Kaçmaya nasıl cesaret ederler?
Bu kabul edilemezdi.
Sen bana aitsin.
Kaçamazsın.
Bana bağlı olmalısın.
“Çeneni kapat ve içeri gir.”
Mistik enerjiler yavaş yavaş emilmeye başlandı.
(Bu...)
“Şey, şey…”
İkisi de bu manzarayı şaşkınlıkla izliyorlardı.
Güçlü bir irade dünyayı çiğniyordu.
Ketal'in merkezinde dünyanın dokusu bükülüp kırılıyordu.

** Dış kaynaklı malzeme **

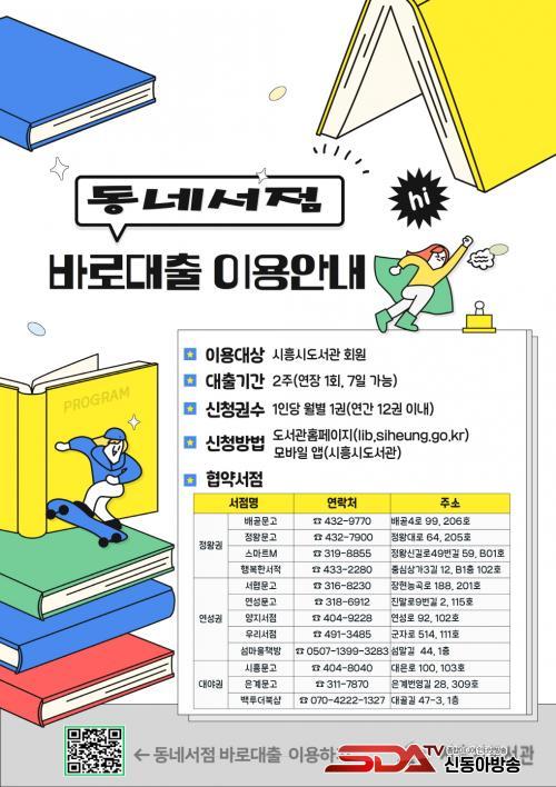 ¿ÃÇØºÎÅÍ´Â Àå°îµ¿¿¡ ÀÖ´Â ¡®¼¶¸¶À»Ã¥¹æ(½ÃÈï½Ã ¼¶¸»±æ 44)¡¯ÀÌ »õ·Î¿î Çù¾à ¼Á¡À¸·Î Ãß°¡µÅ ÃÑ 12°³ÀÇ Çù¾à ¼Á¡ÀÌ ¿î¿µµÇ°í ÀÖ´Ù. ¸¸¾à °ÅÁÖÁö Àαٿ¡ Çù¾àµÈ µ¿³×¼Á¡ÀÌ ¾ø´Â °æ¿ì¿¡´Â Èñ¸Áµµ¼ ½Åû Á¦µµ¸¦ ÅëÇØ µµ¼¸¦ ´ëÃâÇÒ ¼ö ÀÖ´Ù. ¼ºñ½º À̿뿡 °üÇÑ ÀÚ¼¼ÇÑ Á¤º¸´Â ½ÃÈï½Ãµµ¼°ü ´©¸®Áý¿¡¼ È®ÀÎÇÒ ¼ö ÀÖ´Ù.

Onun iradesi kuralları ve kanunları çarpıtıyordu.
vaayyy!
Belki de kaçamayacaklarını anlayınca mistik enerjiler yaklaşımlarını değiştirdiler.
Ketal'e doğru atıldılar, onun vücudunu içeriden devirip yok etmeye çalıştılar.
Ketal ise bunu memnuniyetle karşıladı.
'İstediğin kadar çılgınca koş.'
Hepinizi kabul edeceğim.
Ama karşılığında sen bana aitsin.
Çatırtı!
Ketal'de fırtına koptu.
Sanki her taraftan saldırı altındaydı.
Bütün vücudunu parçaladı.
Ama Ketal dayandı.
Hepsini kabul etti ve kucakladı.
ve son olarak…
vızıldamak!
Fırtına dindi.
Sihirli çemberin alevleri söndü.
Hatta kaçmaya çalışan mistik enerjilerin kalıntıları bile Ketal'in bedeni tarafından yutulmuştu.
Homurdanma...
O zaman duydular.
Hoşnutsuzlukla homurdanan bir canavarın sesi gibi.
Fakat burada üçünden başka canlı yoktu.
Ignisia bunun sadece zihninin bir oyunu olduğuna karar verdi.
Ancak onun kadar güçlü biri olarak bunun basit bir illüzyon olamayacağını biliyordu, ancak durum ona başka bir açıklama bırakmıyordu.
Hırıltı sesi yalnızca bir an sürdü ve sonra kayboldu.
Ketal kıpırdamadan duruyordu, gözleri kapalıydı.
Uzun bir sessizlik oldu.
Ignisia sonunda sakin bir şekilde konuştu.
“Ketal?”
“...Ah. Ahhh.”
Ketal gözlerini açtı.
Yüzünde geniş bir gülümseme belirdi.
“Hahaha! Hahahahaha! Hahahahaha!”
“Öf!”
(Aman Tanrım...)
Kahkahası her tarafta yankılanıyordu.
Gezgin tüccar ve İgnisia savunmalarını artırdılar.
Gülüşündeki güç, onların savunmalarının sarsılmasına neden oldu.
Gezgin tüccar kendi aklından bile şüphe ediyordu.
Ketal'in kahkahasında mistik bir enerji vardı.
İnanamayarak kendi kendine mırıldandı.
(Bu nasıl mümkün olabilir...?)
“Aaaah...”
Ketal, gezgin tüccarı görmezden gelerek titredi.
İçinde yoğun bir güç kabardı.
Bütün benliğini muazzam bir kuvvet doldurdu.
Sahip olduğu ama hiçbir zaman tam olarak kontrol edemediği dünyanın mistik enerjisiydi.
Şimdi yapabilirdi.
Artık mistik enerjileri kullanabilecek duruma gelmişti.